● **Problem description**
Starting at the line below that contains "3.Hightligh Cell Rules。這里面有好多條件供我們選擇,比如我們選擇granter" and ending at the line that contains "当前位置: 首页 >陕西省宝鸡市纹身店-宝鸡久予刺青工作室纹身图案>千与千寻纹身图片_手臂New", retype each line exactly as it stands, but omit the pictures.

● **Dataset content**

- - -

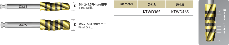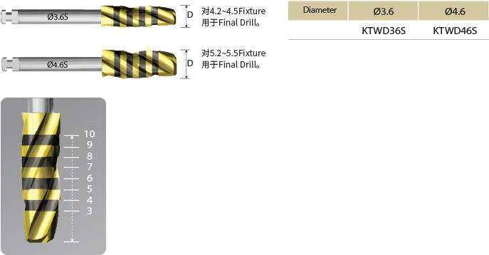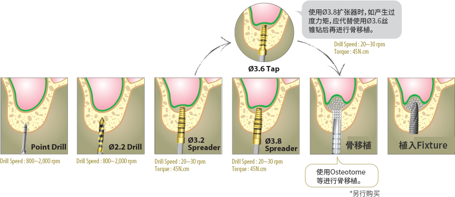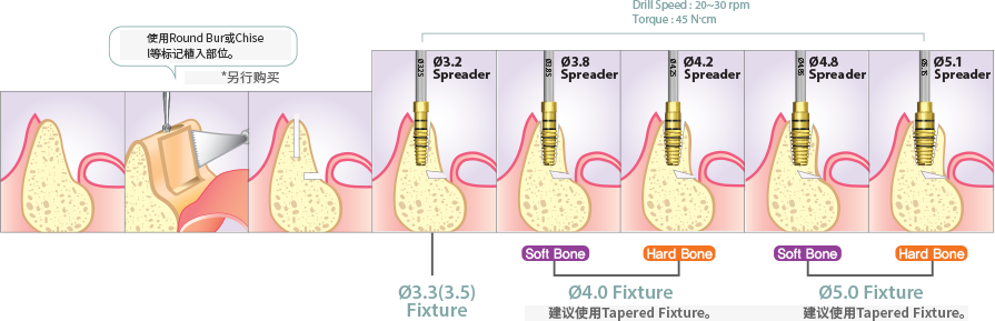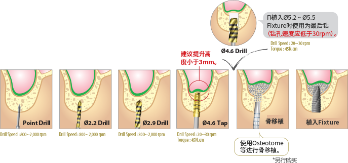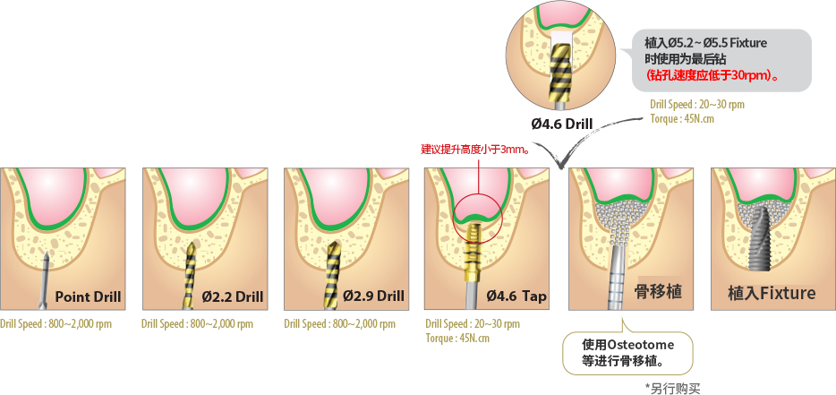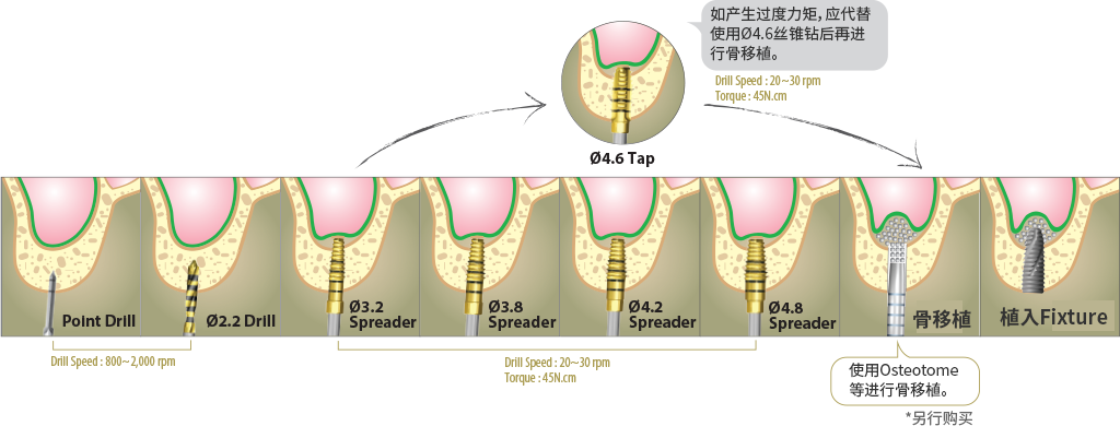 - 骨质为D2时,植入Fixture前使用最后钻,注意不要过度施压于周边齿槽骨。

- - -

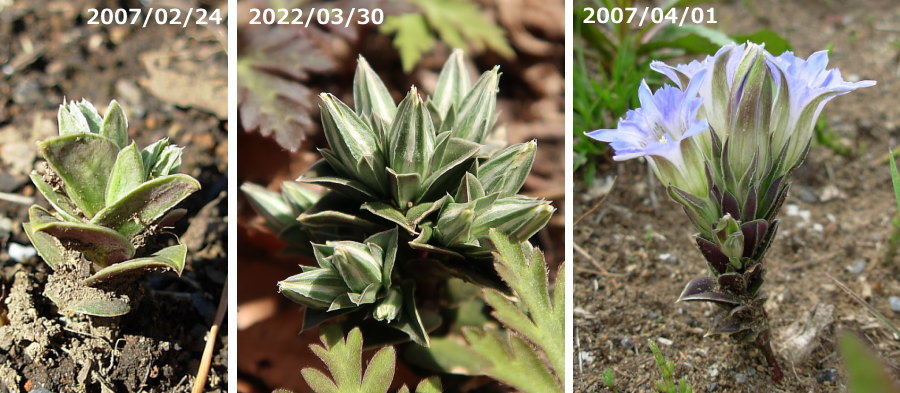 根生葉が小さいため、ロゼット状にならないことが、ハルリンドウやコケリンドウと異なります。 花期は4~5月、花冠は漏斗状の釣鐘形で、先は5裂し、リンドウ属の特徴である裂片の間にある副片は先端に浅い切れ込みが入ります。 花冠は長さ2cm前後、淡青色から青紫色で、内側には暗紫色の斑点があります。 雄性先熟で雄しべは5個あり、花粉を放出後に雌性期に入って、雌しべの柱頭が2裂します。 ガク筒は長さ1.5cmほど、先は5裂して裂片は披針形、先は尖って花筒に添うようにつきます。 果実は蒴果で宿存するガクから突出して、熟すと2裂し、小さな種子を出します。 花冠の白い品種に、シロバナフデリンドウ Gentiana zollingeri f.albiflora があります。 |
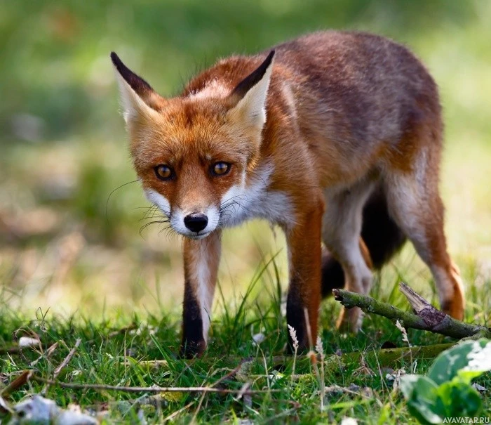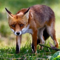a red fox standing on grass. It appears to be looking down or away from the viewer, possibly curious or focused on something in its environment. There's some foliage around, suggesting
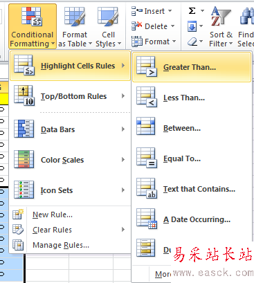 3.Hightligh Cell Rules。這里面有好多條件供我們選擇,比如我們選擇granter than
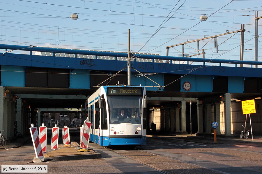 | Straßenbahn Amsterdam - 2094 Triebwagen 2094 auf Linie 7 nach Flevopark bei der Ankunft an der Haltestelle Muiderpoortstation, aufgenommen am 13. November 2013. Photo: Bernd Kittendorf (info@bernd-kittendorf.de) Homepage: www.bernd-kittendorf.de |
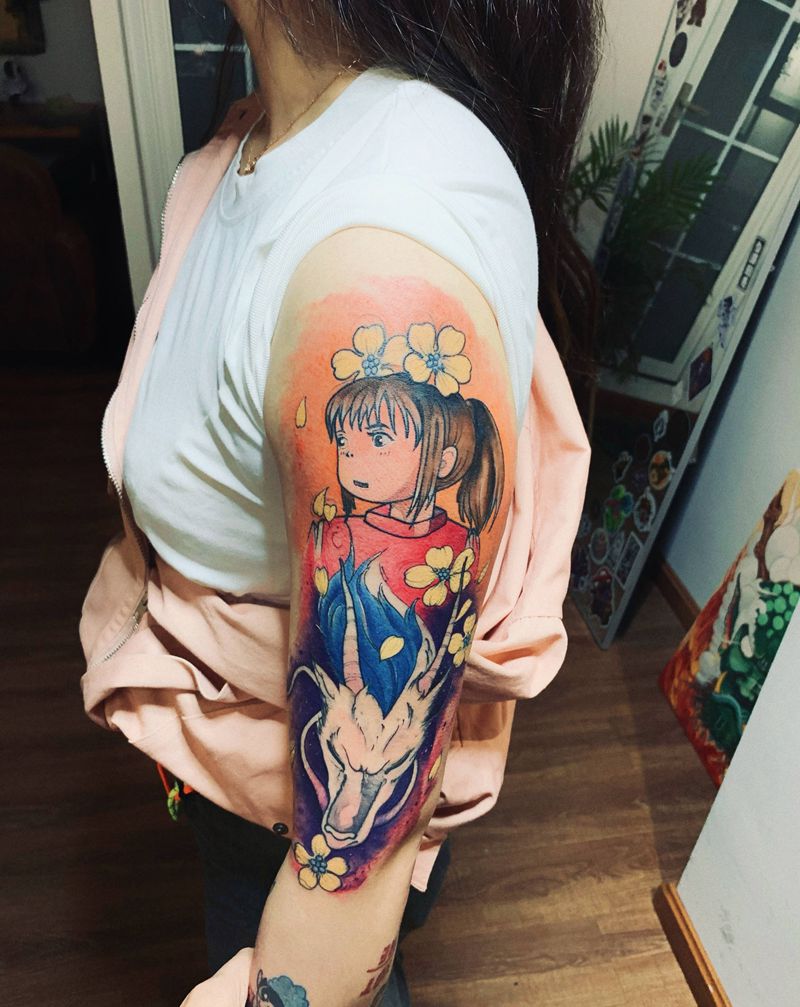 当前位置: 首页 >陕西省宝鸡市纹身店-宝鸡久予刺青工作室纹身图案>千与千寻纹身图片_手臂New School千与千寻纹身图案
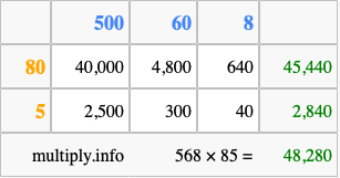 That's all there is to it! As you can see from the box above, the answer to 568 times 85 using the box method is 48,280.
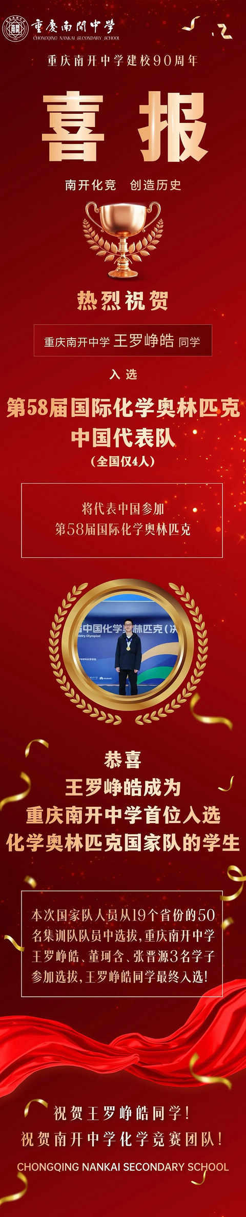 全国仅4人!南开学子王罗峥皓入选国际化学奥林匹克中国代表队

- - -

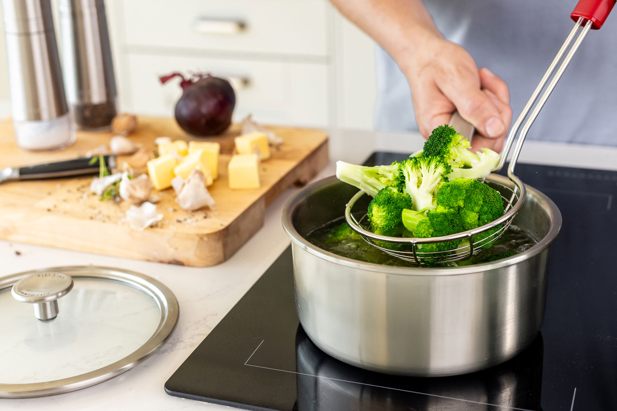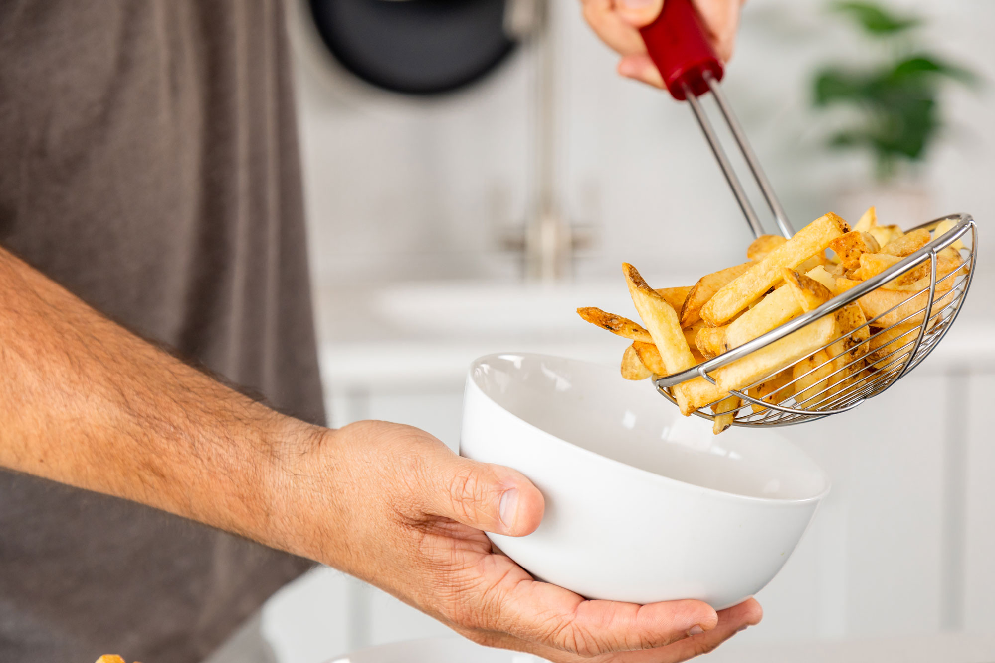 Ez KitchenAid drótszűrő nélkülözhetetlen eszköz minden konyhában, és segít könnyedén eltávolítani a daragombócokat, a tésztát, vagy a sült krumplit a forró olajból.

- - -

● **Output below**
 3.Hightligh Cell Rules。這里面有好多條件供我們選擇,比如我們選擇granter than
 | Straßenbahn Amsterdam - 2094 Triebwagen 2094 auf Linie 7 nach Flevopark bei der Ankunft an der Haltestelle Muiderpoortstation, aufgenommen am 13. November 2013. Photo: Bernd Kittendorf (info@bernd-kittendorf.de) Homepage: www.bernd-kittendorf.de |
 当前位置: 首页 >陕西省宝鸡市纹身店-宝鸡久予刺青工作室纹身图案>千与千寻纹身图片_手臂New School千与千寻纹身图案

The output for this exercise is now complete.